In addition to the endianness issue, there's also the "precision" issue that can trip one up when print()ing NV values.
On a perl whose nvtype is double:
D:\>perl -le "print unpack 'd', pack 'd', sqrt 2;" 1.4142135623731
On a perl whose nvtype is the 80-bit extended precision long double:
D:\>perl -le "print unpack 'd', pack 'd', sqrt 2;" 1.41421356237309515
On a perl whose nvtype is either the IEEE 754 long double or the __float128:
D:\>perl -le "print unpack 'd', pack 'd', sqrt 2;" 1.41421356237309514547462185873883
You might think that the differences in those 3 one liners occur because pack 'd', sqrt 2 has returned different bytes in each of those 3 one liners, but that's not so.
In each of those 3 one-liners pack 'd', sqrt 2 returned exactly the same byte.
So, it must be that the unpacking returned different values ? Wrong again.
It's the way that perl's print() function conceals the actual value returned by unpack 'd', pack 'd', sqrt 2 that accounts for the anomalies.

Perl is bullshitting in all 3 cases (and knows it).
On a perl whose nvtype is double:
D:\>perl -le "print 'WTF' if (unpack 'd', pack 'd', sqrt 2) != 1.41421 +35623731;" WTF
On a perl whose nvtype is the 80-bit extended precision long double:
D:\>perl -le "print 'WTF' if (unpack 'd', pack 'd', sqrt 2) != 1.41421 +356237309515;" WTF
On a perl whose nvtype is either the IEEE 754 long double or the __float128:
D:\>perl -le "print 'WTF' if (unpack 'd', pack 'd', sqrt 2) != 1.41421 +356237309514547462185873883;" WTF
3 different renditions of the same value - none of them accurate.
I recall a quote (probably from Larry) from a while ago, along the lines of "perl makes the hard things easy".
When it comes to certain aspects of the way perl deals with NVs, it's more a case of "perl makes the easy things hard".
I think it's ridiculous and, although I'm scathing of it, I'm also used to it and sort of like the way that it keeps me on my toes ;-)

So ... for a given $byte, what one expects to be returned by unpack "d", $byte can depend not only upon machine endianness, but also on NV type.

Cheers,
Rob

Replies are listed 'Best First'.
Re^7: Converting bytes to floats
by ikegami (Patriarch) on Apr 18, 2023 at 13:37 UTC

    Quick question: The string printed is different, but are the values different? (Like, would you get different output for all three if you used printf "%.10000g\n", unpack 'd', pack 'd', sqrt 2?)

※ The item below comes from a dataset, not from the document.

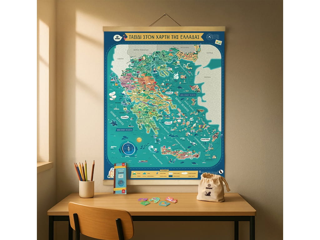 Το ταξίδι στον χάρτη της Ελλάδας, είναι ένα μαγνητικό παζλ χάρτης που συνδυάζει μάθηση και διασκέδαση για όλη την οικογένεια. Με εντυπωσιακή εικονογράφηση γεμάτη γεωμορφολογικά στοιχεία όπως βουνά, ποτάμια και λίμνες, αλλά και μαγνητάκια που αναδεικνύουν τοπικά προϊόντα, αξιοθέατα και παραδοσιακά έθιμα, προσκαλεί τα παιδιά να γνωρίσουν τη μοναδική γεωγραφία και πολιτιστική κληρονομιά της Ελλάδας.
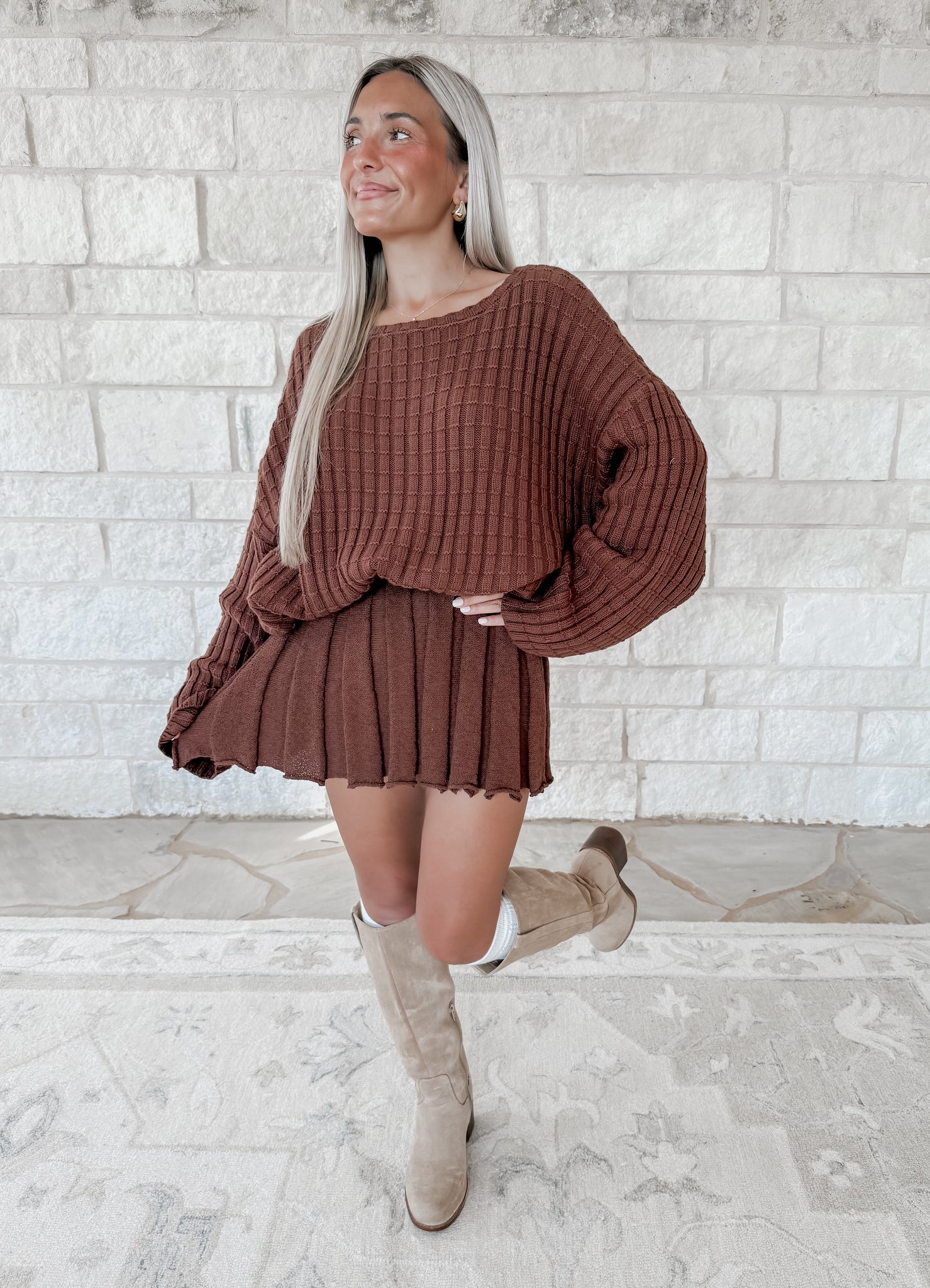 Stay The Path Long Sleeve Tunictop + Pleated Skirt Set - Brown

    For those that might be interested, this linked code stringifies any double using decimal notation (as opposed to scientific notation). It will return the stored number exactly, or you can specify a precision. I'm not sufficiently familiar with the other two formats you mentioned to know whether it will work with them, but I think it will if you specify a precision. The default precision will definitely needs to be adjusted to support those formats.

      would you get different output for all three if you used printf "%.10000g\n", unpack 'd', pack 'd', sqrt 2 ?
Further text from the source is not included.